Opinion: Cooper’s Legal Battles With Legislature Likely To Have Lasting Impact

Chief Justice Paul Newby Source: Maya Reagan, Carolina Journal

By Mitch Kokai

Roy Cooper will leave the North Carolina governor’s office in little more than two months. But it’s likely that two legal battles pitting the Democratic governor against Republican legislative leaders will continue after Cooper exits the state’s Executive Mansion.

Those battles could shift the balance of power between future governors and leaders of North Carolina’s General Assembly.

Both conflicts are tied to lawsuits titled Cooper v. Berger. The governor serves as plaintiff. Senate Leader Phil Berger, R-Rockingham, is named as lead defendant.

One suit involves the General Assembly’s plan to shift appointment authority for seven state boards and commissions. The second focuses on lawmakers’ attempt to remake the State Board of Elections.

Rather than continue with a five-member board dominated by members of the governor’s party, lawmakers want a board split evenly between the two major parties. Legislative leaders from both parties would appoint board members. The governor makes appointments now based on recommendations from party leaders.

In both lawsuits, Cooper argues that lawmakers are violating the state constitution’s separation of powers. He claims lawmakers are encroaching on his executive authority.

North Carolina’s five living former governors all back Cooper in the appointments fight. Three are fellow Democrats. Two are Republicans.

“They seek to ensure the faithful application of North Carolina’s separation-of-powers guarantee — a foundational principle that transcends politics,” according to an Oct. 8 court filing with the state Appeals Court.

Beyond support from his predecessors, Cooper relies heavily on two North Carolina Supreme Court precedents, McCrory v. Berger from 2016 and an earlier Cooper v. Berger dispute from 2018. The McCrory case dealt with appointments to state government boards. The Cooper case addressed an earlier plan to reconfigure the state elections board.

In both cases, the state’s highest court backed the governor in separation-of-powers disputes with top lawmakers.

Yet that doesn’t guarantee another win for the governor this time around.

The only justice who participated in the 2016 and 2018 cases and remains on the state Supreme Court today is Chief Justice Paul Newby. Newby dissented from both the McCrory and earlier Cooper decisions.

“All power not expressly granted to the federal government or limited by the constitution resides in the people and is exercised through the General Assembly,” Newby wrote in his 2016 dissent. “Since our original Constitution of 1776, except for a short time by explicit limitation, the General Assembly has had the constitutional authority to provide for the filling of statutory executive positions it creates.”

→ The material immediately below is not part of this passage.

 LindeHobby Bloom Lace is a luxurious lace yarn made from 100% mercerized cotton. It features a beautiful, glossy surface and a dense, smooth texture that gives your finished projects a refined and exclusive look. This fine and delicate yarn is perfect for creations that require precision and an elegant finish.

“As an exercise of the General Assembly’s lawmaking power, this appointment authority, both constitutionally prescribed and jurisprudentially recognized, does not implicate separation of powers because under our jurisprudence the authority to appoint the official has never been deemed the power to control the appointee,” Newby added.

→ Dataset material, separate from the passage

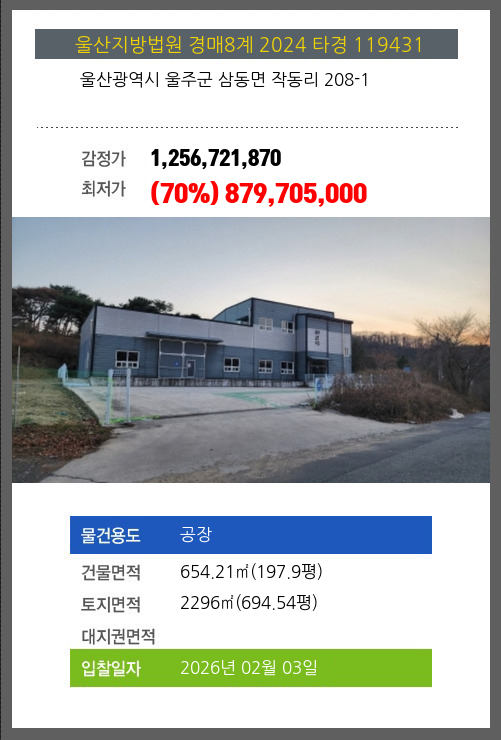 사건번호 2024 타경 119431 본건은 울산광역시 울주군 삼동면 작동리 208-1소재하는 공장경매 물건의 포스팅입니다. 건물면적 [ 654.21㎡ (197.9평) ]토지면적 [ 2296㎡ (694.54평) ] 시세를 반영한 감정가

Newby cast the lone dissenting vote in the high court’s 6-1 decision in McCrory. The 2018 Cooper ruling, in contrast, produced a 4-3 party-line split in a court led by Democrats.

One of the court’s three Republicans, Newby again issued a solo dissent. He rejected his Democratic colleagues’ argument that the General Assembly could not restructure the state elections board.

“In exercising judicial power under these circumstances, this Court violates the very separation-of-powers principle it claims to protect,” he wrote. “The Court strips the General Assembly of its historic, constitutionally prescribed authority to make the laws and creates a novel and sweeping constitutional power in the office of Governor — the authority to implement personal policy preferences.”

Then-Chief Justice Mark Martin, also a Republican, had written the majority opinion in the 2016 McCrory case. Yet Martin disagreed with the 2018 court’s approach to a power struggle between the governor and lawmakers.

“The majority opinion imposes a constitutional requirement that the Governor be able to appoint a majority of the members of the Bipartisan State Board of Elections and Ethics Enforcement from his own political party. In so doing, the majority deviates from our holding” in the McCrory case, Martin wrote.

The Cooper majority “impermissibly constrains the General Assembly’s constitutional authority to determine the structure of state administrative bodies,” Martin added.

Regardless of the outcome of next month’s election, Newby will lead a state Supreme Court with a Republican majority into 2025.

There’s no guarantee that the high court will take up either current Cooper v. Berger dispute now sitting with the state Appeals Court. But if either case reaches Newby and his colleagues, they could revisit the 2016 and 2018 precedents when settling North Carolina’s latest separation-of-powers disputes.

New rulings would influence future relations between state government’s top executive and leaders of the legislative branch.

Mitch Kokai is senior political analyst for the John Locke Foundation.